The primary crate is the llm crate, which wraps llm-base and supported model crates. This is used by llm-cli to provide inference for all supported models.

It is powered by the ggml tensor library, and aims to bring the robustness and ease of use of Rust to the world of large language models.


Conversions note
graph TD;
  A("PyTorch") --"<pre>1️⃣/2️⃣&nbsp;</pre>PyTorch model checkpoints (pth)"--> B(Python) --"<pre>3️⃣&nbsp;</pre>Geometric Deep Learning Markup Language (ggml)"--> C(C++)--"<pre>4️⃣&nbsp;quantize.cpp</pre>Quantized ggml (bin)"-->D(Rust);

1️⃣ tloen/alpaca-lora/ (llama-7b-hf)
2️⃣ jankais3r/LLaMA_MPS/ (llama-13b-hf)
3️⃣ llama.cpp/
4️⃣ llama.cpp/quantize.cpp


graph LR;
A("🐍 llama") --"4-bit"--> B("🐇 llama.cpp")

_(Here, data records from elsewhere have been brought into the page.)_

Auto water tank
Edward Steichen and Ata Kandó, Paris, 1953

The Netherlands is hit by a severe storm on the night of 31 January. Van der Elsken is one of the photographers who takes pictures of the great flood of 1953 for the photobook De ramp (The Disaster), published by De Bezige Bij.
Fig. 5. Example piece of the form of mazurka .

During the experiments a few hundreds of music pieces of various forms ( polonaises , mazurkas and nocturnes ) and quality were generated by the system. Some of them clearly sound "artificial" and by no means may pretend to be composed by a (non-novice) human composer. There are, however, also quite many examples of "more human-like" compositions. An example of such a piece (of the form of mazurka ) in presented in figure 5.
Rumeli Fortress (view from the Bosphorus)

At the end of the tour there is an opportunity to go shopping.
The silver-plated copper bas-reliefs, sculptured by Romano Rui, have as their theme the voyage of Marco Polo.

B --port ggml--> C("🦀 llm")
A --"16,32-bit"--> CC("🦀 RLLaMA")
A --Apple Silicon GPU--> AA("🐍 LLaMA_MPS")
C --"napi-rs"--> I("🐥 llama-node")
E --"fine-tuning to obey ix"--> D("🐇 alpaca.cpp")
E --instruction-following--> H("🐍 codealpaca")

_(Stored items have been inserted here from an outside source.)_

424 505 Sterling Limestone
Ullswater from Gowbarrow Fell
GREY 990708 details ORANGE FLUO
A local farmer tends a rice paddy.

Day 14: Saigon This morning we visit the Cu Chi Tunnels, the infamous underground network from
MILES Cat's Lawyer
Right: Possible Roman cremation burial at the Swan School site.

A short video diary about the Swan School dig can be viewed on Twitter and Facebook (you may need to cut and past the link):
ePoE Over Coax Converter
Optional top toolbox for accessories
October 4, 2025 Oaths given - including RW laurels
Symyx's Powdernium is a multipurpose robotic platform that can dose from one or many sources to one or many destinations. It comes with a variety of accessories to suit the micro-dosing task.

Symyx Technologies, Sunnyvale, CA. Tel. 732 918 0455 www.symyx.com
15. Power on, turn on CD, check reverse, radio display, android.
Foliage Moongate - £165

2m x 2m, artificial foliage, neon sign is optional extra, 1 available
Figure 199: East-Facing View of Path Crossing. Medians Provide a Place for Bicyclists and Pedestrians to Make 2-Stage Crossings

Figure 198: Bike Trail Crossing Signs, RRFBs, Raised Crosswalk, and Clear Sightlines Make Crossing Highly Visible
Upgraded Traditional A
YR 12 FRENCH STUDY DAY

A --instruction-following--> E("🐍 alpaca") --LoRa--> F("🐍 alpaca-lora")
B --BLOOM-like--> BB("🐇 bloomz.cpp")
D --"fine-tunes the GPT-J 6B"--> DD("🐍 Dolly")
D --"instruction-tuned Flan-T5"--> DDD("🐍 Flan-Alpaca")

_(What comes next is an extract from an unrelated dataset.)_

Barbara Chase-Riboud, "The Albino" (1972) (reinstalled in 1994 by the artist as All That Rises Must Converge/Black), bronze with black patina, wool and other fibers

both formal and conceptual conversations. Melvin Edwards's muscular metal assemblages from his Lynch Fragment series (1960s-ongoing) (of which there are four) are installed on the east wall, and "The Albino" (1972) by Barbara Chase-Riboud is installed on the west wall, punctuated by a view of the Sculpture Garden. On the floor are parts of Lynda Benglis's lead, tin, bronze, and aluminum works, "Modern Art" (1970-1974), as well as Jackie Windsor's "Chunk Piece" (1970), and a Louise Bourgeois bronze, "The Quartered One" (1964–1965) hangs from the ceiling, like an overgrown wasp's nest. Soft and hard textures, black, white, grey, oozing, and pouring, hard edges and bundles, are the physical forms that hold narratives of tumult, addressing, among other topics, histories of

D --Alpaca_data_cleaned.json--> DDDD
E --RNN--> EE("🐍 RWKV-LM")
EE("🐍 RWKV-LM") --port--> EEE("🦀 smolrsrwkv")
H --finetuned--> EE
EE --ggml--> EEEE("🐇 rwkv.cpp")
A --"GPT-3.5-Turbo/7B"--> FF("🐍 gpt4all-lora")
A --"Apache0/nanoGPT"--> AAAA("🐍 Lit-LLaMA")
A --> AAA("🐍 LLaMA-Adapter")
A --ShareGPT/13B--> AAAAA("🐍 vicuna")
A --Dialogue fine-tuned--> AAAAAA("🐍 Koala")
  • 🐍 llama: Open and Efficient Foundation Language Models.
  • 🐍 LLaMA_MPS: Run LLaMA (and Stanford-Alpaca) inference on Apple Silicon GPUs.
  • 🐇 llama.cpp: Inference of LLaMA model in pure C/C++.
  • 🐇 alpaca.cpp: This combines the LLaMA foundation model with an open reproduction of Stanford Alpaca a fine-tuning of the base model to obey instructions (akin to the RLHF used to train ChatGPT) and a set of modifications to llama.cpp to add a chat interface.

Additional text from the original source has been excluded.